Top of ENTRIES PROVIDED
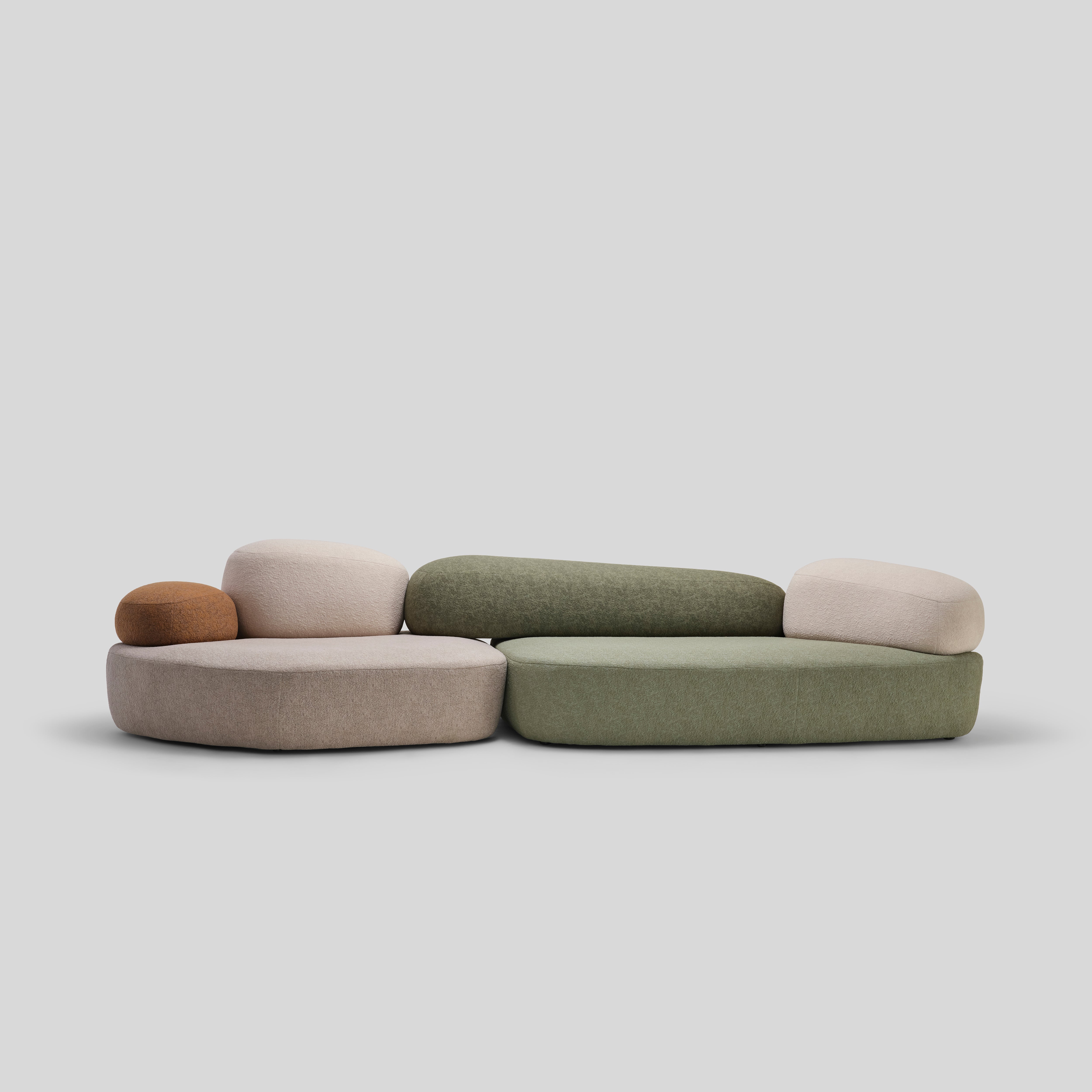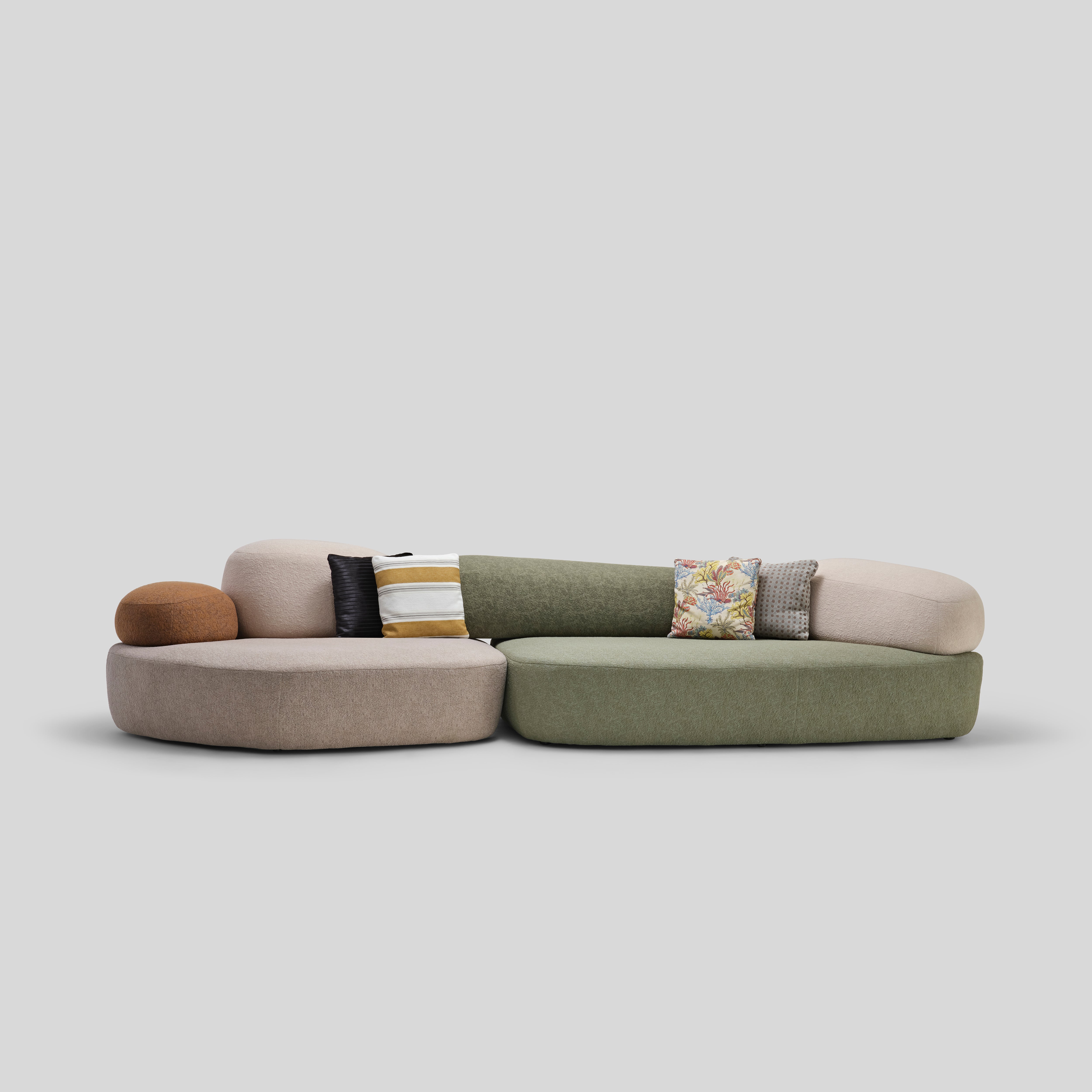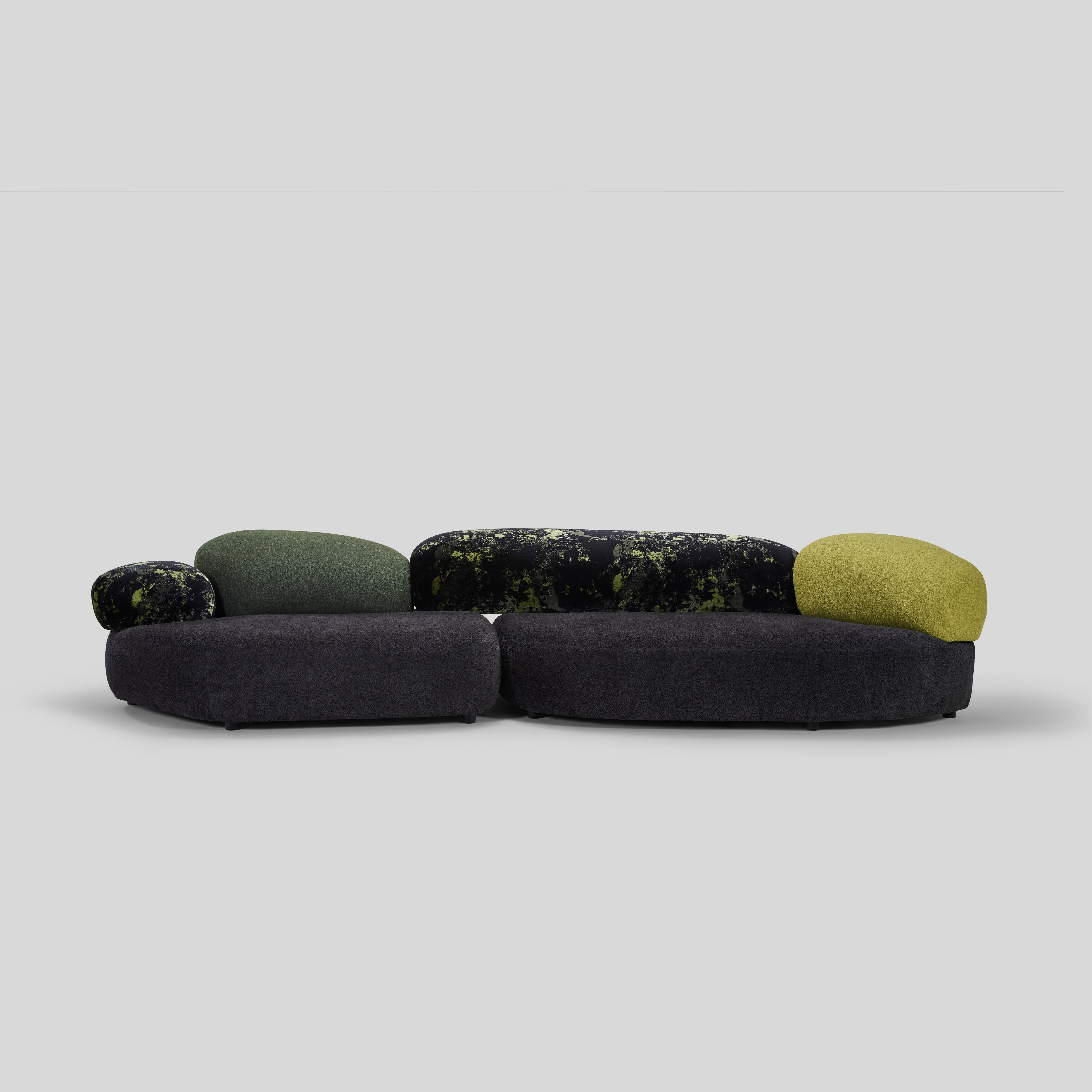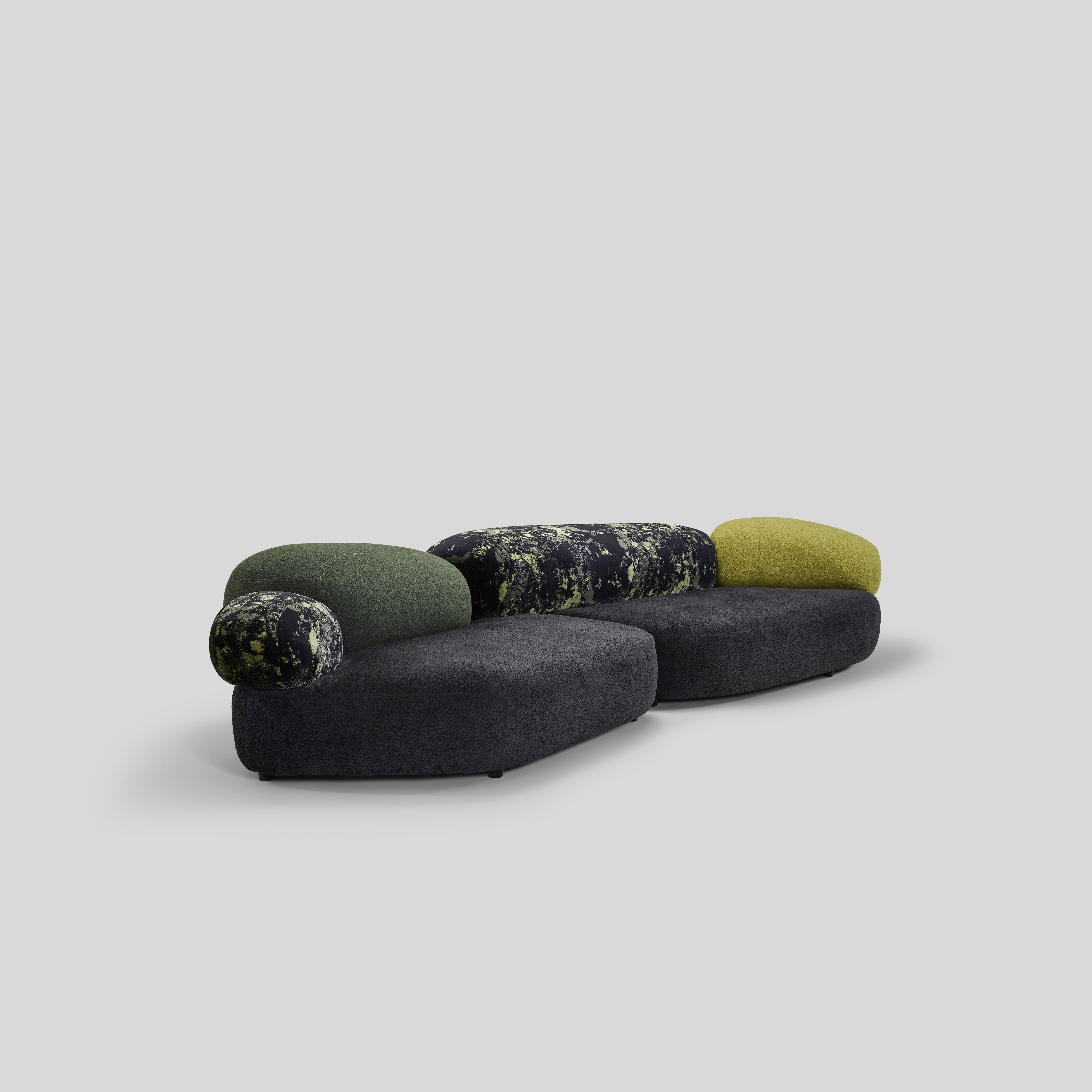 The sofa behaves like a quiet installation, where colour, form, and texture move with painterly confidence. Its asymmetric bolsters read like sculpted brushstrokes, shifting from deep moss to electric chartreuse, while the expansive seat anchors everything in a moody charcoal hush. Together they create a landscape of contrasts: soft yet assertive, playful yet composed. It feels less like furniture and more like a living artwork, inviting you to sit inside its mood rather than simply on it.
Bottom of ENTRIES PROVIDED
Top of ENTRIES PROVIDED
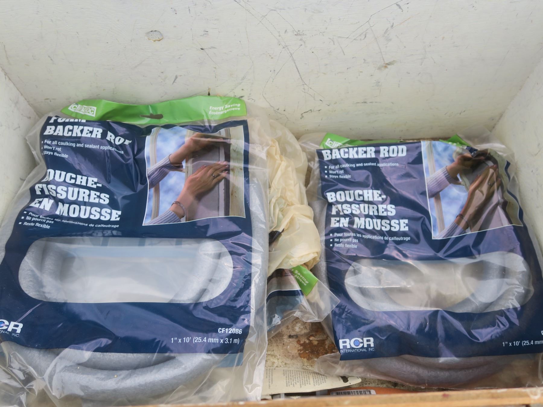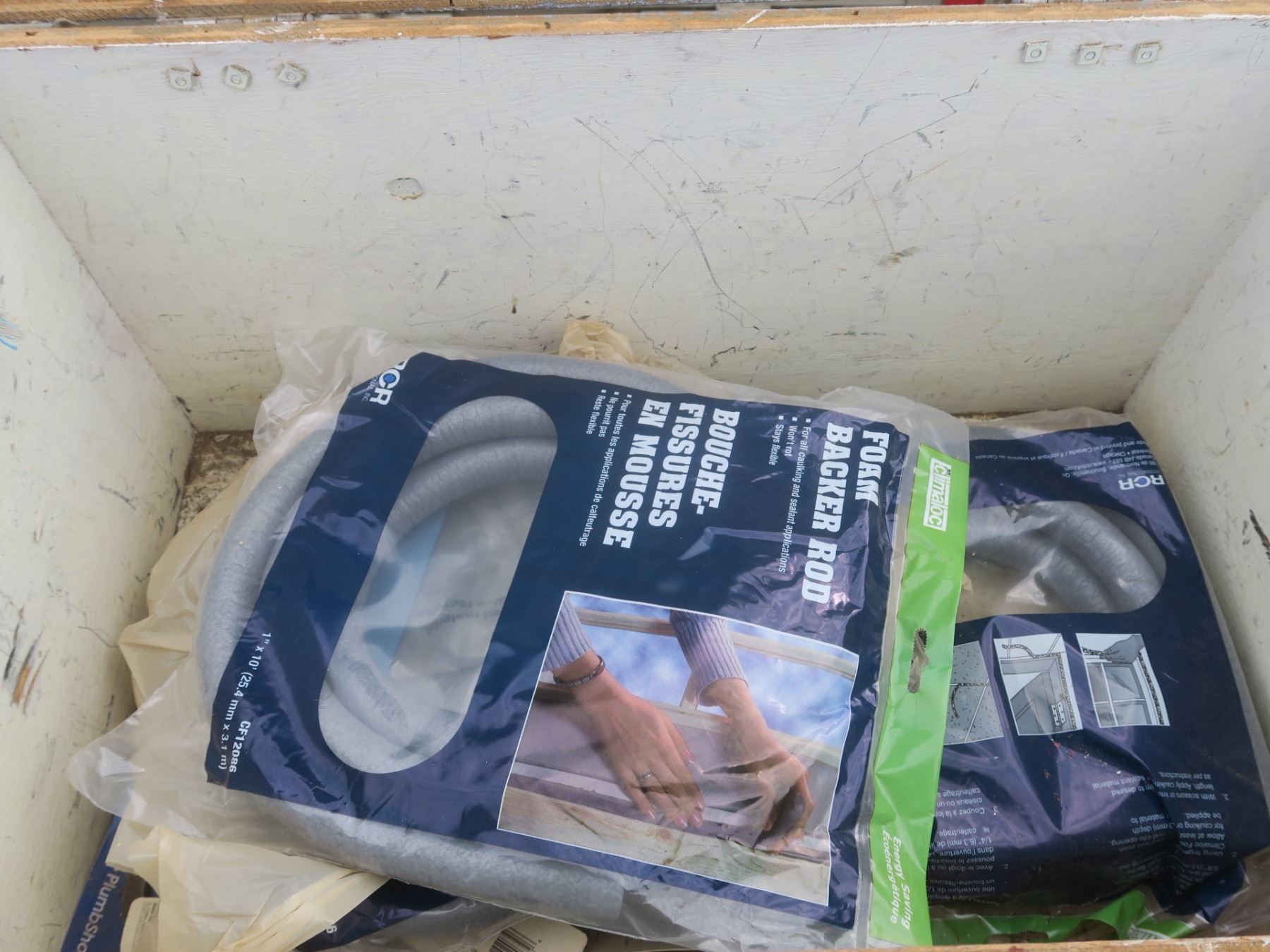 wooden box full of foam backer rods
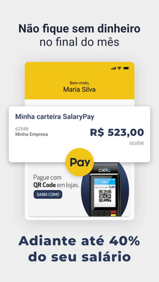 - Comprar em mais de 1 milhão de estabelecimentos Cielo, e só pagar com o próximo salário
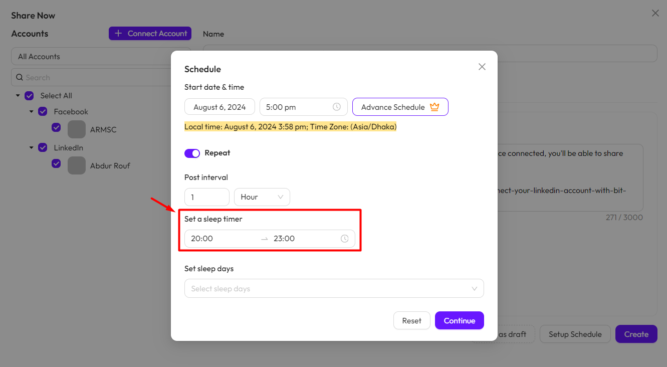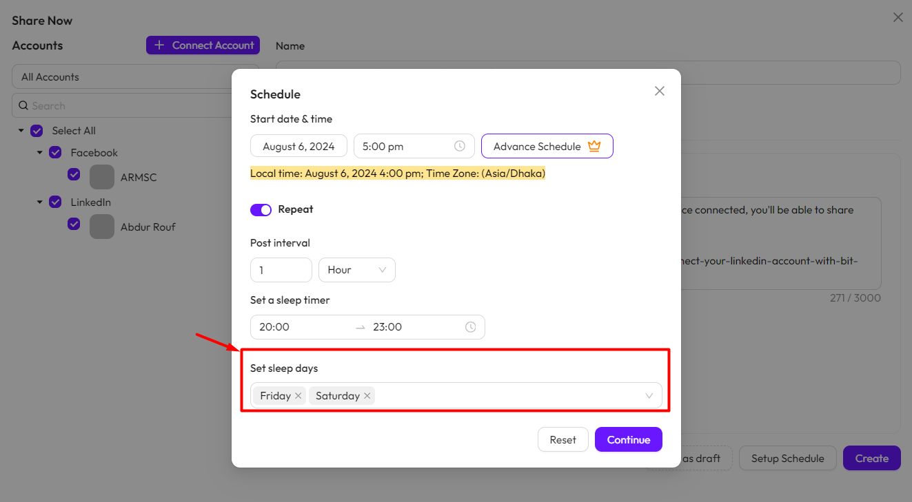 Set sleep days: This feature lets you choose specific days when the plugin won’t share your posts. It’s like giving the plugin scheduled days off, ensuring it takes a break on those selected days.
Bottom of ENTRIES PROVIDED
--- YOUR GOAL ---
Although pictures appear among the records above, write out exactly only the lines from the one that has "- Comprar em" through the one that has "Set sleep days: This", and leave the pictures out.

--- EXERCISE RESPONSE ---
 - Comprar em mais de 1 milhão de estabelecimentos Cielo, e só pagar com o próximo salário
 Set sleep days: This feature lets you choose specific days when the plugin won’t share your posts. It’s like giving the plugin scheduled days off, ensuring it takes a break on those selected days.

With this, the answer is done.